Many authorities accept the lenient ruling that follows Ritva’s position. The question is whether the borrower can assert (kim li) that he follows the second opinion that prohibits him from paying the interest that accrued before the loan was sold. Divrei Chaim (2:56) writes that the buyer of the loan has halachically purchased the money that was owed before the purchase. The borrower is merely trying to exempt himself from that payment with the claim that he follows the opinion that prohibits payment and collection of interest that accrued before the sale of the loan. Since halacha follows the opinion that permits collection of this interest, the borrower may not invoke the principle of kim li to cause a loss to the purchaser of the loan. Moreover, refusing to pay would violate a Biblical prohibition. One may not be stringent regarding a disputed Rabbinic prohibition against interest if it were to result in a Biblical prohibition of not paying money that is owed.
Money mattersBorrowing and Lending #3#85
Q: My friend claims that I owe him $500 for expenses on a trip that we took together. What if I claim that I covered my own expenses or reimbursed him already? What if I admit that I owe $300?
A: The first cases are ones of denial (kofer hakol). Since you are in possession of the money, the burden of the proof is on the plaintiff (hamotzi meichaveiro alav hare’aya). Therefore, you are exempt unless your friend can prove that you owe him. However, Chazal require you to take a simple oath (shevuas heses) that you do not owe him (C.M. 75:7).

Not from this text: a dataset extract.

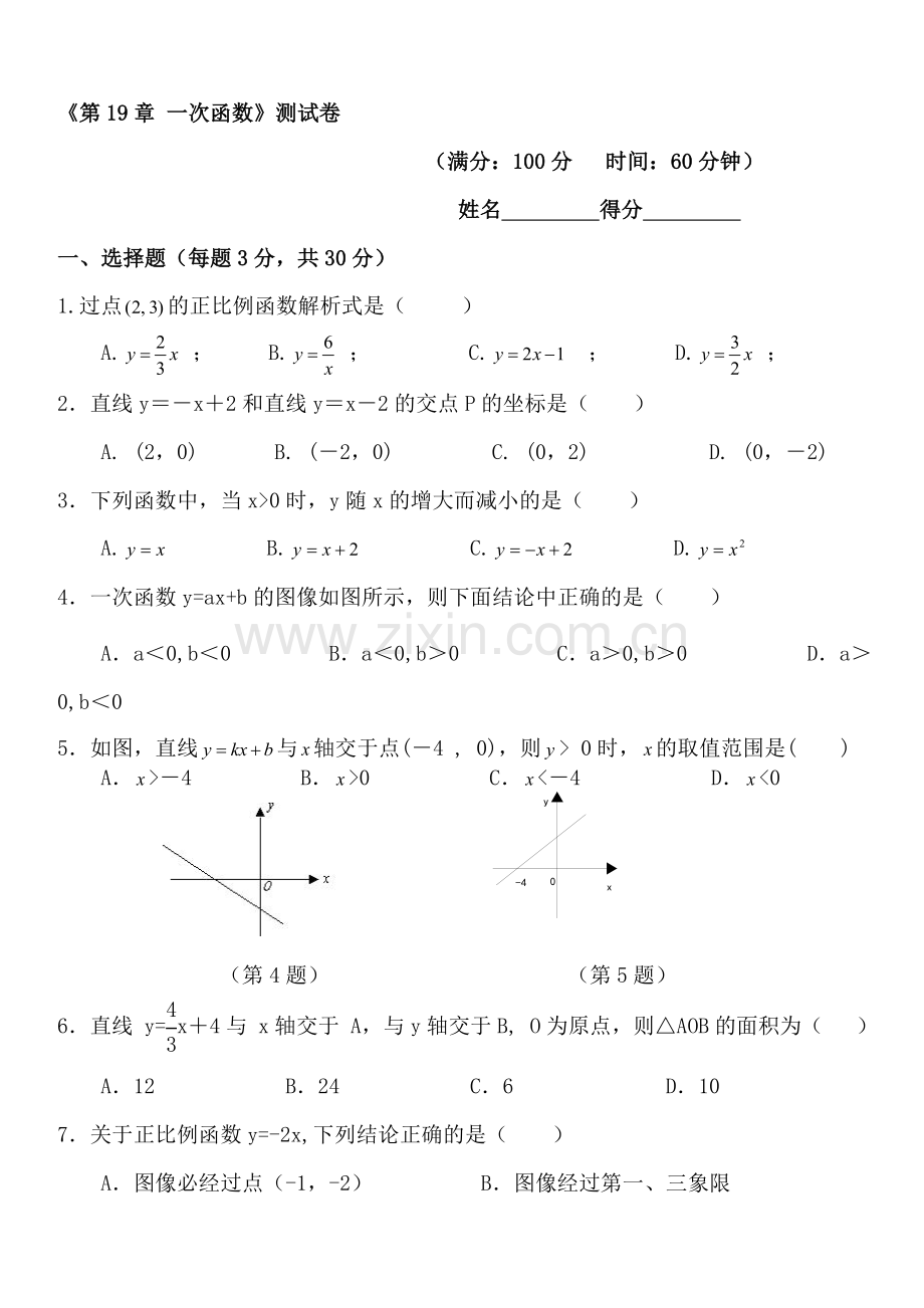 4.一次函数y=ax+b的图像如图所示,则下面结论中正确的是( )

The last case is one of partial admission (modeh b’miktzas); you admit $300 of the $500 claim. This is one of the three instances in which the Torah obligates an oath. Thus, you must take a severe oath that you owe only $300, and would only then be exempt from the remaining $200 (75:2).
Nowadays, we strongly discourage taking oaths; beis din would encourage a compromise in lieu of the oath. In the first case of a simple oath, it would be tilted in your favor, whereas in the latter case of a severe oath, it would be tilted in your friend’s direction.